Army of Crime (Kino Lorber)
Don’t let the title throw you. The heroes of Robert Guédiguian’s based-on-a-true-story French war drama are not The Dirty Dozen unleashed on the Nazis but a remarkably effective resistance cell formed of French Jews, communists and immigrants—the very “undesirables” targeted by the Nazis for the camps. Guédiguian’s previous films—at least ones I’ve had the good fortune to see—have been small dramas about communities of immigrants, underemployed and outcasts that pull together and to maintain their identities. Army of Crime offers a much bigger canvas—and a setting with profound resonance—for that theme to play out, and Guédiguian invites members of his stock company to fill out major roles.
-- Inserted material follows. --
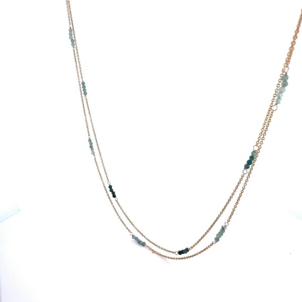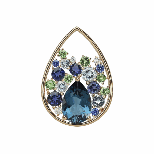 22 gemstones: 8 black diamonds, 9 emeralds (5 marquise-cut), 5 yellow sapphires
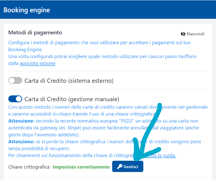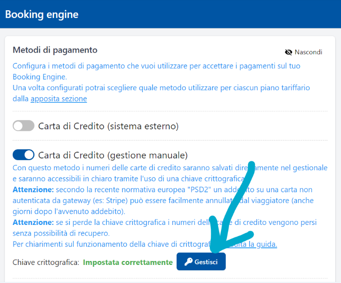 Per rigenerare la chiave crittografica vai da Altro > Configurazione > Booking Engine > Metodi di pagamento, sezione Carta di Credito (gestione manuale) e clicca su Gestisci:

Simon Abkarian is the Armenian poet, Communist and pacifist who leaves a concentration camp with a lie and takes up arms to lead a team of members not known for following orders, Virginie Ledoyen his devoted wife and partner and Robinson Stévenin and Grégoire Leprince-Ringuet the reckless but passionate daredevil partisans under his command. Their stories play out slowly, the better to let the oppressive culture of occupied Paris (and of the widespread collaboration of police who support the racial policies, if not the authoritarian structure, of the Nazis occupation) sink in while sowing the tensions between the Communist leaders of the resistance and the non-Communist soldiers who fight for their own reasons: vengeance, defiance, love of country and the simple act of self-preservation under a regime dedicated to eradicating their existence. By the time the unit forms, you are ready for them to take the offensive, even as we know how it ends: the film opens with a spoken memorial to their sacrifice.